[[ Data supplied, beginning ]]

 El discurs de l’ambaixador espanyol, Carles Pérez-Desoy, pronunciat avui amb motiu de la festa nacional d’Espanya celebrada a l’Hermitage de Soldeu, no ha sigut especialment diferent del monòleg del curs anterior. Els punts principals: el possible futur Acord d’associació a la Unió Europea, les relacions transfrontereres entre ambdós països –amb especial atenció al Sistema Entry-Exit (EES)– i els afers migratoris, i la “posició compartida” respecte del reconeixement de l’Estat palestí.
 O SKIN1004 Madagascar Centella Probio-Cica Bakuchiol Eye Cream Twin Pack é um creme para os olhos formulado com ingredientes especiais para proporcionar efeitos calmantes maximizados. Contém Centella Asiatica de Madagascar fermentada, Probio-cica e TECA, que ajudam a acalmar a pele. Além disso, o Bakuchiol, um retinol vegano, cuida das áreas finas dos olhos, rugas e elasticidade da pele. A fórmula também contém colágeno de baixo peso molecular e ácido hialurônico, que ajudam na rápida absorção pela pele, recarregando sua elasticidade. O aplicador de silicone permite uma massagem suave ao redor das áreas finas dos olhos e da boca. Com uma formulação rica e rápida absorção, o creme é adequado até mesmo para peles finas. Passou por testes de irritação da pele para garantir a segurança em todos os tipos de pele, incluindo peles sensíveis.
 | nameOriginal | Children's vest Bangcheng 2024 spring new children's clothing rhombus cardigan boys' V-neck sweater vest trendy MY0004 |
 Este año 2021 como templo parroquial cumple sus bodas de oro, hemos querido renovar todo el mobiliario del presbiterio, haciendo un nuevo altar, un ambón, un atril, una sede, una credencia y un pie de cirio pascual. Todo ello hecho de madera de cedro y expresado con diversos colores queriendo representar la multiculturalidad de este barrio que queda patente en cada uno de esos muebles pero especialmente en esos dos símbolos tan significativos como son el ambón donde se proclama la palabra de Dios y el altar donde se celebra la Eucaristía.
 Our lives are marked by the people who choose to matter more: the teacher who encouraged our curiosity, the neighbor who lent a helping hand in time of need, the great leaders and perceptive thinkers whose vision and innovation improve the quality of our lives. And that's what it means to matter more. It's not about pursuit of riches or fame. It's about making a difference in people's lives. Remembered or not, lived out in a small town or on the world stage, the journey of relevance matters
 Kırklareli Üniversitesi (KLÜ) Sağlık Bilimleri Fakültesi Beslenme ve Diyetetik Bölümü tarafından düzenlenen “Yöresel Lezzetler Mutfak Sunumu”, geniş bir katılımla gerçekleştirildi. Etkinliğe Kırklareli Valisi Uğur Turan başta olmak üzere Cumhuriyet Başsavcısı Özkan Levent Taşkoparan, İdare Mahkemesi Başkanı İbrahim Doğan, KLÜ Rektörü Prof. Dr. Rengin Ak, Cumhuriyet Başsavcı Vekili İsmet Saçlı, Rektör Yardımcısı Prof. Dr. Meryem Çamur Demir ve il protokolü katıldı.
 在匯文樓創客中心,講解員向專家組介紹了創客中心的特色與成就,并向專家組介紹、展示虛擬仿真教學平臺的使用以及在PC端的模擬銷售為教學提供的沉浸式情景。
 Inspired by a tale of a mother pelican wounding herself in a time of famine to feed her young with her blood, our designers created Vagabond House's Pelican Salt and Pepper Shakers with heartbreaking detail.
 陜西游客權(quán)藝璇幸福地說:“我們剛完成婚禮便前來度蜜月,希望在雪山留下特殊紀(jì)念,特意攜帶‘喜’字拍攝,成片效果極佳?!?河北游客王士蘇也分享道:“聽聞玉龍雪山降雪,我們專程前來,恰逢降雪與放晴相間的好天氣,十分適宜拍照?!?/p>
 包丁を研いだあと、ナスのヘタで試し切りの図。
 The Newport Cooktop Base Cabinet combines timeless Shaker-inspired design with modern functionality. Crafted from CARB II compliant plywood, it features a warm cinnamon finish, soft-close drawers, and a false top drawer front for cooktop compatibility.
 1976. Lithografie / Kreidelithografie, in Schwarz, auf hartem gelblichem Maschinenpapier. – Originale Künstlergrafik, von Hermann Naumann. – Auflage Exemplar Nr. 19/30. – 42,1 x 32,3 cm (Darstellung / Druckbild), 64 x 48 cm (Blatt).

[[ Data supplied, end ]]

*Exercise details*:
Please transcribe the records above in full, keeping every word.

*Exercise result*:
 El discurs de l’ambaixador espanyol, Carles Pérez-Desoy, pronunciat avui amb motiu de la festa nacional d’Espanya celebrada a l’Hermitage de Soldeu, no ha sigut especialment diferent del monòleg del curs anterior. Els punts principals: el possible futur Acord d’associació a la Unió Europea, les relacions transfrontereres entre ambdós països –amb especial atenció al Sistema Entry-Exit (EES)– i els afers migratoris, i la “posició compartida” respecte del reconeixement de l’Estat palestí.
 O SKIN1004 Madagascar Centella Probio-Cica Bakuchiol Eye Cream Twin Pack é um creme para os olhos formulado com ingredientes especiais para proporcionar efeitos calmantes maximizados. Contém Centella Asiatica de Madagascar fermentada, Probio-cica e TECA, que ajudam a acalmar a pele. Além disso, o Bakuchiol, um retinol vegano, cuida das áreas finas dos olhos, rugas e elasticidade da pele. A fórmula também contém colágeno de baixo peso molecular e ácido hialurônico, que ajudam na rápida absorção pela pele, recarregando sua elasticidade. O aplicador de silicone permite uma massagem suave ao redor das áreas finas dos olhos e da boca. Com uma formulação rica e rápida absorção, o creme é adequado até mesmo para peles finas. Passou por testes de irritação da pele para garantir a segurança em todos os tipos de pele, incluindo peles sensíveis.
 | nameOriginal | Children's vest Bangcheng 2024 spring new children's clothing rhombus cardigan boys' V-neck sweater vest trendy MY0004 |
 Este año 2021 como templo parroquial cumple sus bodas de oro, hemos querido renovar todo el mobiliario del presbiterio, haciendo un nuevo altar, un ambón, un atril, una sede, una credencia y un pie de cirio pascual. Todo ello hecho de madera de cedro y expresado con diversos colores queriendo representar la multiculturalidad de este barrio que queda patente en cada uno de esos muebles pero especialmente en esos dos símbolos tan significativos como son el ambón donde se proclama la palabra de Dios y el altar donde se celebra la Eucaristía.
 Our lives are marked by the people who choose to matter more: the teacher who encouraged our curiosity, the neighbor who lent a helping hand in time of need, the great leaders and perceptive thinkers whose vision and innovation improve the quality of our lives. And that's what it means to matter more. It's not about pursuit of riches or fame. It's about making a difference in people's lives. Remembered or not, lived out in a small town or on the world stage, the journey of relevance matters
 Kırklareli Üniversitesi (KLÜ) Sağlık Bilimleri Fakültesi Beslenme ve Diyetetik Bölümü tarafından düzenlenen “Yöresel Lezzetler Mutfak Sunumu”, geniş bir katılımla gerçekleştirildi. Etkinliğe Kırklareli Valisi Uğur Turan başta olmak üzere Cumhuriyet Başsavcısı Özkan Levent Taşkoparan, İdare Mahkemesi Başkanı İbrahim Doğan, KLÜ Rektörü Prof. Dr. Rengin Ak, Cumhuriyet Başsavcı Vekili İsmet Saçlı, Rektör Yardımcısı Prof. Dr. Meryem Çamur Demir ve il protokolü katıldı.
 在匯文樓創客中心,講解員向專家組介紹了創客中心的特色與成就,并向專家組介紹、展示虛擬仿真教學平臺的使用以及在PC端的模擬銷售為教學提供的沉浸式情景。
 Inspired by a tale of a mother pelican wounding herself in a time of famine to feed her young with her blood, our designers created Vagabond House's Pelican Salt and Pepper Shakers with heartbreaking detail.
 陜西游客權(quán)藝璇幸福地說:“我們剛完成婚禮便前來度蜜月,希望在雪山留下特殊紀(jì)念,特意攜帶‘喜’字拍攝,成片效果極佳?!?河北游客王士蘇也分享道:“聽聞玉龍雪山降雪,我們專程前來,恰逢降雪與放晴相間的好天氣,十分適宜拍照?!?/p>
 包丁を研いだあと、ナスのヘタで試し切りの図。
 The Newport Cooktop Base Cabinet combines timeless Shaker-inspired design with modern functionality. Crafted from CARB II compliant plywood, it features a warm cinnamon finish, soft-close drawers, and a false top drawer front for cooktop compatibility.
 1976. Lithografie / Kreidelithografie, in Schwarz, auf hartem gelblichem Maschinenpapier. – Originale Künstlergrafik, von Hermann Naumann. – Auflage Exemplar Nr. 19/30. – 42,1 x 32,3 cm (Darstellung / Druckbild), 64 x 48 cm (Blatt).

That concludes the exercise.